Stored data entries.
=-=-=-=-=
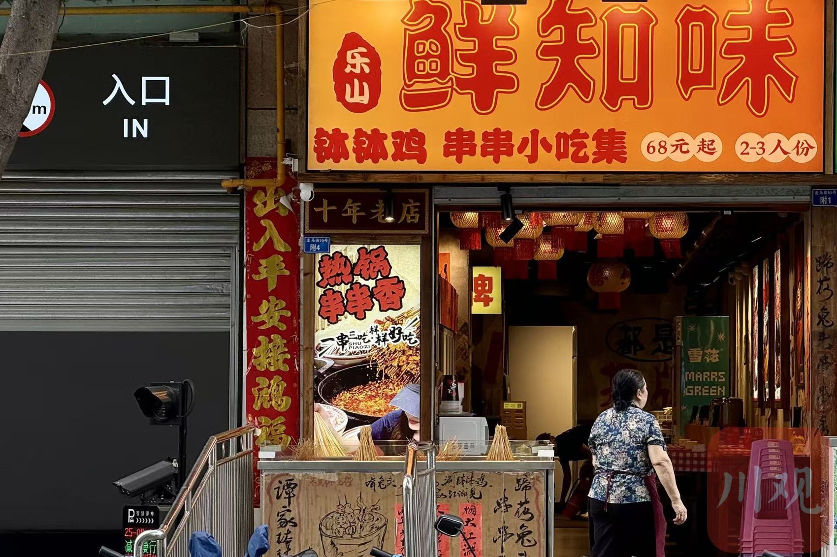 记者在该店所在的走马街留意到,附近商铺还有成都知名“苍蝇馆子”——“乐山鲜知味”的新店,其门口灶台外立面上标有疑似成都米其林入选餐厅“谭家”的同名钵钵鸡宣传。
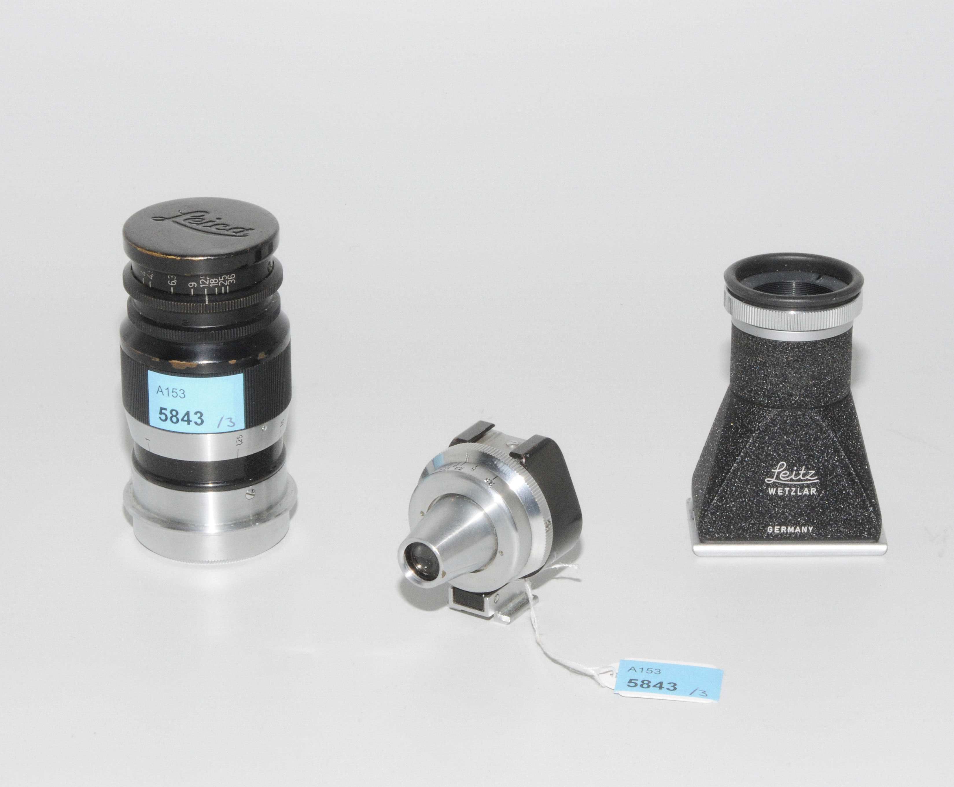 (1) Leica-Objektiv. 1939. Ernst Leitz Wetzlar, Elmar F=9 cm 1:4, Nr.517949. L 8,5 cm. (2) Leica-Aufstecksucher, 3,5–13,5 cm. Braunes Lederetui. L 5 cm. (3) Leica-Lupe. L 7cm.
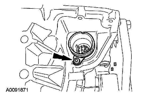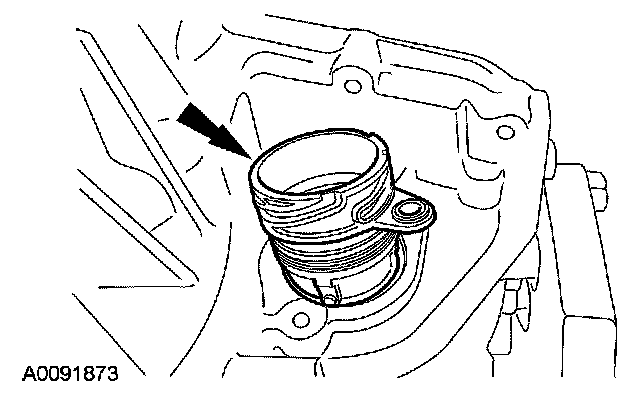 10. CAUTION: Make sure that the transmission fluid filter pickup tube seal was removed from the bore when the transmission fluid filter was removed. Failure to remove the seal prior to installing the new transmission fluid filter will result in transaxle failure.
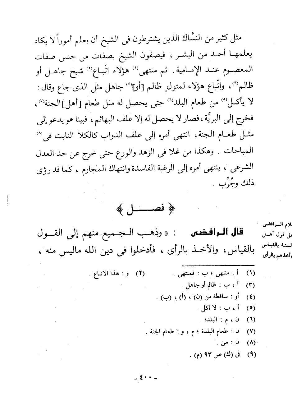 مِثْلُ كَثِيرٍ مِنَ النُّسَّاكِ الَّذِينَ يَشْتَرِطُونَ فِي الشَّيْخِ أَنْ يَعْلَمَ أُمُورًا لَا يَكَادُ يَعْلَمُهَا أَحَدٌ مِنَ الْبَشَرِ، فَيَصِفُونَ الشَّيْخَ بِصِفَاتٍ مِنْ جِنْسِ صِفَاتِ الْمَعْصُومِ عِنْدَ الْإِمَامِيَّةِ. ثُمَّ مُنْتَهَى (¬1) هَؤُلَاءِ اتِّبَاعُ (¬2) شَيْخٍ جَاهِلٍ أَوْ ظَالِمٍ (¬3) ، وَاتِّبَاعُ هَؤُلَاءِ لِمُتَوَلٍّ ظَالِمٍ أَوْ (¬4) جَاهِلٍ مِثْلِ الَّذِي جَاعَ وَقَالَ: لَا يَأْكُلُ (¬5) مِنْ طَعَامِ الْبَلَدِ (¬6) حَتَّى يَحْصُلَ لَهُ مِثْلُ طَعَامِ أَهْلِ الْجَنَّةِ (¬7) ، فَخَرَجَ إِلَى الْبَرِّيَّةِ فَصَارَ لَا يَحْصُلُ لَهُ إِلَّا عَلَفُ الْبَهَائِمِ، فَبَيْنَا هُوَ يَدْعُو إِلَى مَثَلِ طَعَامِ الْجَنَّةِ، انْتَهَى أَمْرُهُ إِلَى عَلَفِ الدَّوَابِّ كَالْكَلَأِ النَّابِتِ فِي (¬8) الْمُبَاحَاتِ. وَهَكَذَا مَنْ غَلَا فِي الزُّهْدِ وَالْوَرَعِ حَتَّى خَرَجَ عَنْ حَدِّ الْعَدْلِ الشَّرْعِيِّ، يَنْتَهِي أَمْرُهُ إِلَى الرَّغْبَةِ الْفَاسِدَةِ وَانْتِهَاكِ الْمَحَارِمِ، كَمَا قَدْ رُؤِيَ ذَلِكَ وَجُرِّبَ.
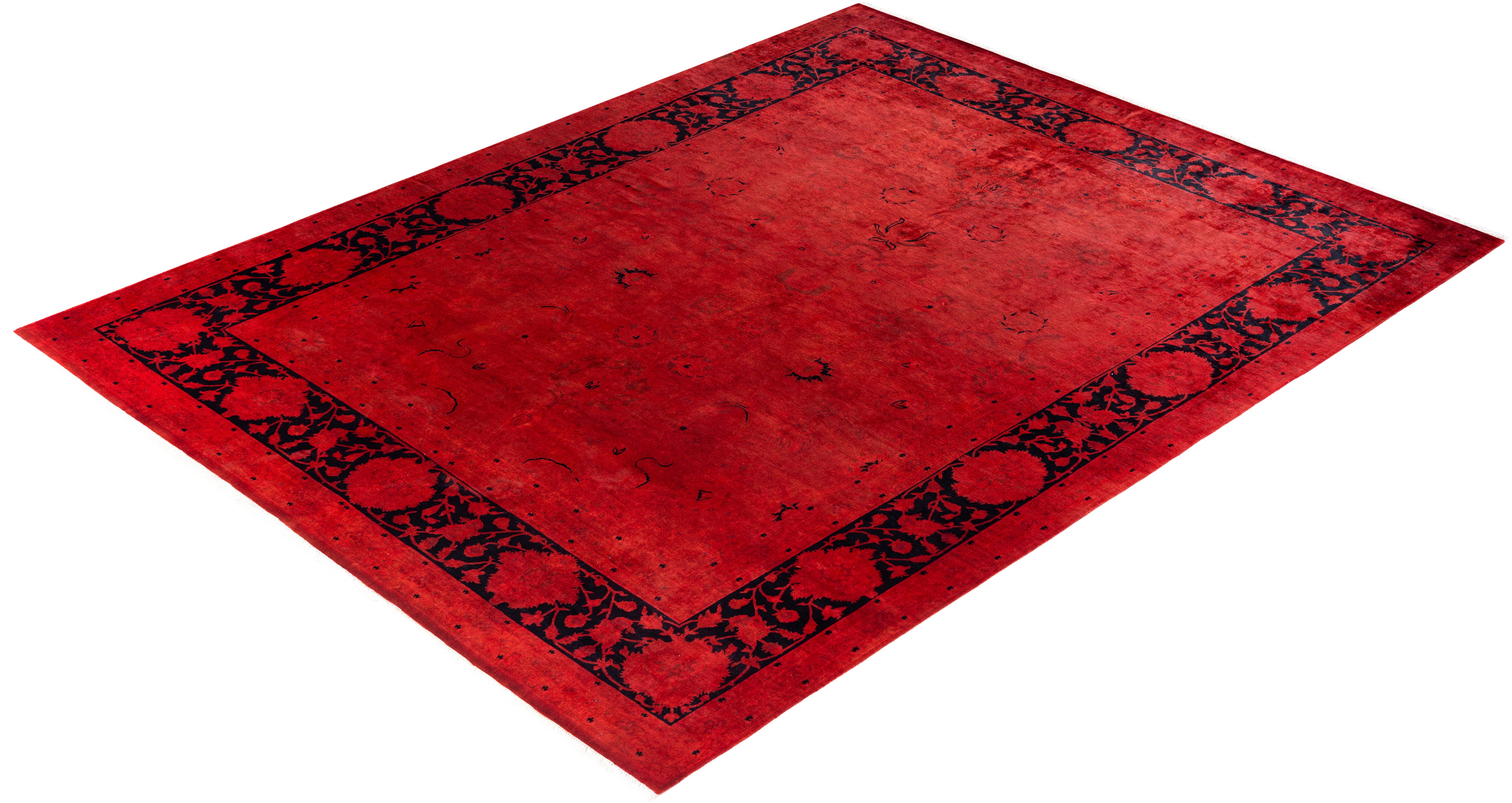 Contemporary Hand-Knotted Overdyed Orange Area Rug 8' 1" x 10' 3"
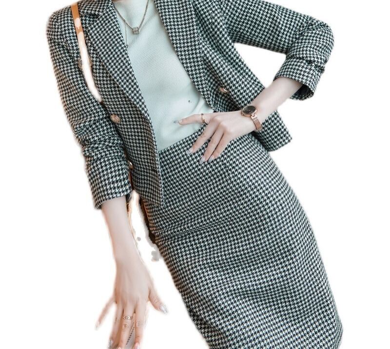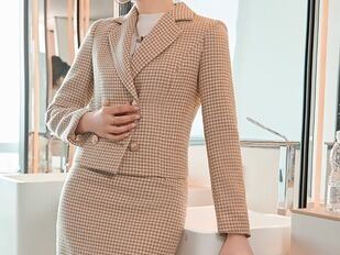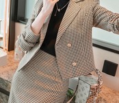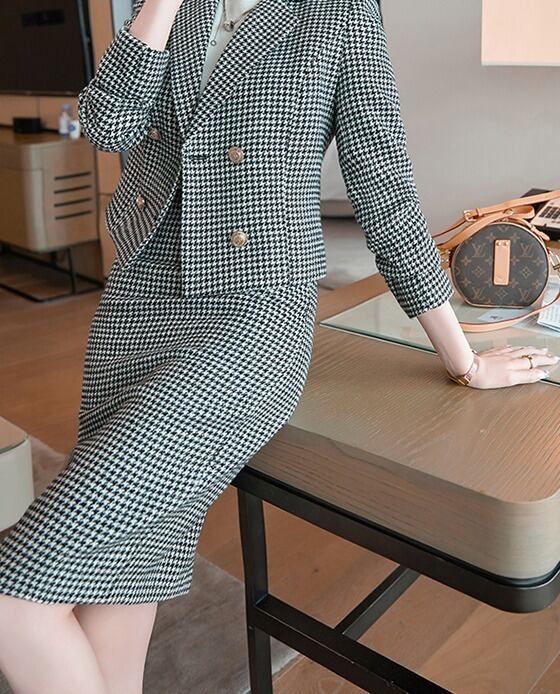 大人可愛い千鳥格子柄ジャケット&スカートのセットアップです。
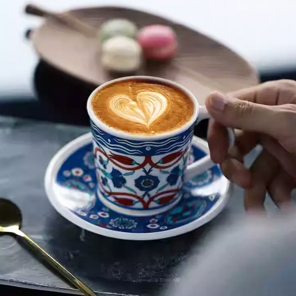 Immerse yourself in the enchanting charm of traditional craftsmanship with our Turkish-Inspired Porcelain Cup & Saucer Set. This collection serves as a bridge between ancient aesthetics and modern utility, making it an essential addition for any coffee lover’s home.
=-=-=-=-=
TASK TO COMPLETE.
Say again, word for word, the lines beginning at the top of the data and ending with the line that has "(1) Leica-Objektiv. 1939.". Skip the pictures.

YOUR RESPONSE.
 记者在该店所在的走马街留意到,附近商铺还有成都知名“苍蝇馆子”——“乐山鲜知味”的新店,其门口灶台外立面上标有疑似成都米其林入选餐厅“谭家”的同名钵钵鸡宣传。
 (1) Leica-Objektiv. 1939. Ernst Leitz Wetzlar, Elmar F=9 cm 1:4, Nr.517949. L 8,5 cm. (2) Leica-Aufstecksucher, 3,5–13,5 cm. Braunes Lederetui. L 5 cm. (3) Leica-Lupe. L 7cm.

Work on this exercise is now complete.